Douglas Irwin, one of America’s leading trade historians, summed up the dilemma in a 2018 interview with the business-friendly American Enterprise Institute.

“There is no denying that certain workers in certain industries have suffered from increased foreign competition,” he said, “but when you look at the productivity gains that come from trade, the jobs created by exports and the benefits to consumers, I would say America is doing better overall.”

“But,” Irwin continued, “there is no denying that certain groups are potentially worse off because of the lack of protection.”

Assessing the economic impact of tariffs often relies on assumptions and calculations that can produce very different results. The Committee for a Responsible Federal Budget, a bipartisan group, wrote that Trump’s proposal to impose 60 percent tariffs on China “would generate up to $300 billion in net revenue over a 10-year period or lose up to $50 billion … depending on the proportion of Chinese imports replaced by domestic or foreign goods, respectively.”

The committee said the revenue increases in Trump’s proposal, amounting to $2.5 trillion over 10 years, “would have a significant impact on government finances and significantly slow the growth of the national debt.”

However, the group added that this could have “significant economic impacts”, such as reduced purchasing power and increased uncertainty for the business community.

Free trade advocates prefer to negotiate terms directly with other countries – but even then, countries with which the US has friendly agreements are accused of violating such deals. Mexico has come under fire for allegedly breaking a joint steel agreement signed by Trump in 2019, leading to the closure of US steel mills, including in Ohio, New York and most recently on Chicago’s southwest side.

“Ohio steelworkers can no longer wait for Mexico’s fraud to stop,” Senator Sherrod Brown (D-Ohio) said in a joint statement with Senator Tom Cotton (R-Arkansas) in March. “Workers are losing their jobs and Ohio companies are losing business now. If Mexico breaks the rules it agreed to, the government must hold it accountable.”

Officials of the companies responsible for the plant closures have cited inflationary pressures in the U.S. as the reason for the closures. The battle over the future of U.S. Steel, whose plans to be acquired by a Japanese conglomerate could now be blocked by the Biden administration, is also tied to broader economic forces that have long destabilized the American manufacturing industry.

Nick Iacovella, senior vice president of public affairs at the Coalition for a Prosperous America, a trade group that advocates for tariffs, said opponents of tariffs often mistakenly assume that domestic manufacturing cannot be improved.

He said interest groups often seek to spread reports showing that tariffs do not work in order to justify “spending the last two or three decades moving production and jobs to countries where there is cheaper labor and lower environmental standards.”

“Many working-class Americans are suffering from China’s outsourcing and unfair and illegal trade activities,” Iacovella said. “Our communities are being hollowed out, including as a result of free trade agreements.”

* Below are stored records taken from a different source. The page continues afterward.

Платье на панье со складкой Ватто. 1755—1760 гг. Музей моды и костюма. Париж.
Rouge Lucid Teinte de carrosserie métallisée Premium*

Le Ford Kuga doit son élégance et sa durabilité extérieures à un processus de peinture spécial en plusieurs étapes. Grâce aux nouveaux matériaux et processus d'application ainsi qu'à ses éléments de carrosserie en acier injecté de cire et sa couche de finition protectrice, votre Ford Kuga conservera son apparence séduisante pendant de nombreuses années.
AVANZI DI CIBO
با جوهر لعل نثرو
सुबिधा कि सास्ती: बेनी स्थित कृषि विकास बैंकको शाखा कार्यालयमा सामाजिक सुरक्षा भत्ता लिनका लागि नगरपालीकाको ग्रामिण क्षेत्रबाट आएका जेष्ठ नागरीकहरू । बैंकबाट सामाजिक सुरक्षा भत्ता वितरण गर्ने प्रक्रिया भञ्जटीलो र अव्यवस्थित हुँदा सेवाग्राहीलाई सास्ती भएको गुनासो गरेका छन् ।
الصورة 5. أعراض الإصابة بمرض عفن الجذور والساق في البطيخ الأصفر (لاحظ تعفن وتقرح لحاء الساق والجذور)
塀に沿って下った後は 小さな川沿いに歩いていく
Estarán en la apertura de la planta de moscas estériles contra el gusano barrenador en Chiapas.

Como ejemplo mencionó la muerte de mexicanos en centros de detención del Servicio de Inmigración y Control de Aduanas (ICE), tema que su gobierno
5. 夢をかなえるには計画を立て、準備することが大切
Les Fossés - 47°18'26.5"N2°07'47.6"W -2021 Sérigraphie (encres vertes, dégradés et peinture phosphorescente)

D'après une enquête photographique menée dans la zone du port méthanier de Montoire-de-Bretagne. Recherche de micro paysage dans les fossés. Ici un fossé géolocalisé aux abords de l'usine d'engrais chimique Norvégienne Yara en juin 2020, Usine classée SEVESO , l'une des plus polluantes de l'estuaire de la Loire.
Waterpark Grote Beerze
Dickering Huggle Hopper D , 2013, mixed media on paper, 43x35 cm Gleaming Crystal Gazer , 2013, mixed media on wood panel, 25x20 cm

But for every job protected by tariffs, there is often another domestic industry that could see job losses. According to economists at Harvard University and the University of California, Davis, Trump’s steel tariffs have ultimately hit companies that use steel as an “input” to produce finished goods, such as auto and appliance manufacturers.

“The job losses resulting from the threat to these steel-using industries appear to be substantial, far exceeding any jobs that would have been created in the steel-producing industry as a result of the tariffs,” they wrote in a 2020 report.